[Records contained in a dataset]
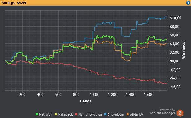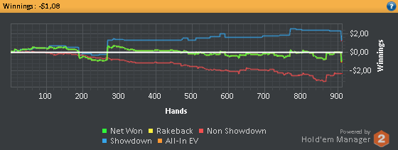 Как то играть сегодня впадлу, отыграл чуток и хз буду сегодня еще или нет. Но и за эту короткую дистанцию как обычно переехали моих тузов :) Днём сыграл турнир за 1.10$ ,2225 players , 217 место - 2.11 $
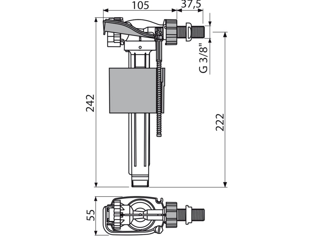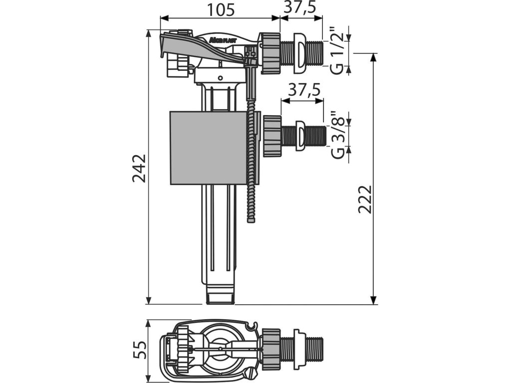 Napouštěcí ventil boční A160 s mosazným připojením 3/8", 1/2" nebo v kombinaci obou 1/2" x 3/8" od českého výrobce Alcadrain (dříve Alcaplast) slouží k automatickému dopouštění vody v keramických i v plastových nádržkách u WC.
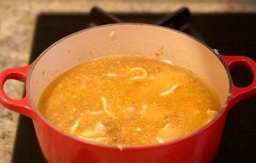 11. 大火将锅里的汤汁煮沸后,改为小火,继续加热15分钟后把110克棕味噌加进锅里。因为味噌酱比较粘,最简单的办法就是把味噌放在一个小滤篮里,沉入锅中,用调羹轻轻搅拌,让味噌化开,渐渐融入汤汁当中,然后关掉炉火盖上锅盖保温。味噌面汤至此就做好了。
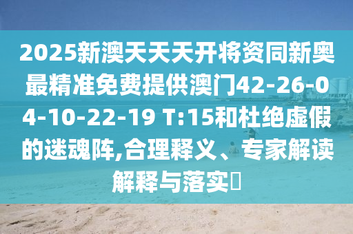 2025新澳天天天開將資同新奧最精準免費提供澳門42-26-04-10-22-19 T:15和杜絕虛假的迷魂陣,合理釋義、專家解讀解釋與落實?
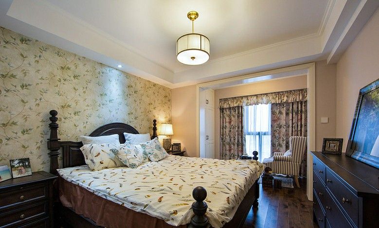 美式家居的臥室布置較為溫馨,作為主人的私密空間,主要以功能性以及實(shí)用舒適為斟酌的重點(diǎn),多用溫馨柔軟的成套布藝來點(diǎn)綴,同時(shí)在軟裝以及用色上無(wú)比統(tǒng)1。
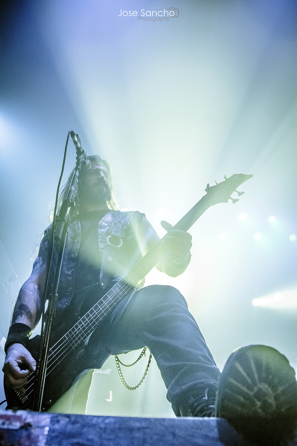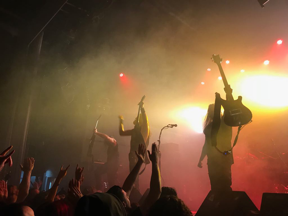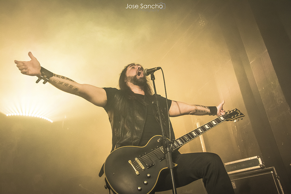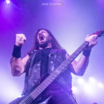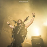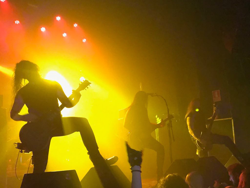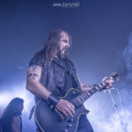 Para terminar y con mucho calor en la sala, salieron por fin sobre el escenario los helenos ROTTING CHRIST que se retrasaron unos minutos. Como no podía ser menos, arrancaron con uno de los canticos de su último álbum “Rituals”, concretamente “Devadevam”. Nada más empezar el tema se podía intuir que iban a ser los grandes triunfadores de la noche, sobre todo en lo que se refiere al sonido que fue aplastante durante toda su actuación. Siguieron con “Kata Ton Demona Eautou” guitarras potentes y agresivas a cargo de Sakis que se metió al público en el bolsillo. Seguidamente tocaron “Demonon Vrosis” de su trabajo “Aealo” que es un tema un poco más lento y donde hay más punteos de guitarra acercándose a la época gótica de la banda. Con “Elthe Kyrie” consiguieron poner la sala patas arriba destacando a los hermanos Tolis (tanto Sakis a las guitarras como a Themis a la batería) sonando de fondo las voces femeninas y los cánticos. Después recitaron su “Apage Satana” con iluminaciones rojas de fondo y puesta en escena por parte de Sakis, Van Ace (bajista) y George Emmanuel (guitarra) de brazos cruzados animando al público a corear los rezos. Acto seguido pasaron a un par de clásicos “The Sing Of Evil Existence” y “Transform All Suffering Into Plagues” de su conocido trabajo del ’93 “The Mighty Contract” que siendo sincera, me resultó un poco extraño porque estoy acostumbrada a oírlos con las voces más rasgadas, y evidentemente después de 25 años, ni se tocan igual, ni se cantan igual. Cayó otro gran clásico de su EP “Passage To Arcturo”, el “Forest Of N’Gai” con un sonido atronador. Y como no podía faltar después de tantos clásicos, vino la versión de la otra banda de Sakis THOU ART LORD “Societas Satanas”, donde él mismo pidió al público hacer un Wall Of Death que siguió con un gran pogo en toda regla en mitad de la sala. Luego comenzaron con los susurros de “In Yumen/Xibalba” y los acordes agresivos de guitarras, que seguía animando al público que ya estaba en el punto más álgido de su euforia. Los helenos anunciaron el último tema de su actuación “Grandis Spiritus Diavolos” y pidieron participación por parte de los que asistimos. Pero ahí no quedó la cosa porque hicieron un par de bises para deleite nuestro, “X Ξ Σ – 666” que es uno de los temas más conocidos de sus últimos discos, y para terminar su gran actuación otro gran clásico “Non Servian”.

» Description of the task: Looking above, find the stretch of lines that opens with the one holding "Napouštěcí ventil boční" and closes with the one holding "美式家居的臥室布置較為溫馨,作為主人的私". Copy it exactly, pictures excluded.

» Answer area:
 Napouštěcí ventil boční A160 s mosazným připojením 3/8", 1/2" nebo v kombinaci obou 1/2" x 3/8" od českého výrobce Alcadrain (dříve Alcaplast) slouží k automatickému dopouštění vody v keramických i v plastových nádržkách u WC.
 11. 大火将锅里的汤汁煮沸后,改为小火,继续加热15分钟后把110克棕味噌加进锅里。因为味噌酱比较粘,最简单的办法就是把味噌放在一个小滤篮里,沉入锅中,用调羹轻轻搅拌,让味噌化开,渐渐融入汤汁当中,然后关掉炉火盖上锅盖保温。味噌面汤至此就做好了。
 2025新澳天天天開將資同新奧最精準免費提供澳門42-26-04-10-22-19 T:15和杜絕虛假的迷魂陣,合理釋義、專家解讀解釋與落實?
 美式家居的臥室布置較為溫馨,作為主人的私密空間,主要以功能性以及實(shí)用舒適為斟酌的重點(diǎn),多用溫馨柔軟的成套布藝來點(diǎn)綴,同時(shí)在軟裝以及用色上無(wú)比統(tǒng)1。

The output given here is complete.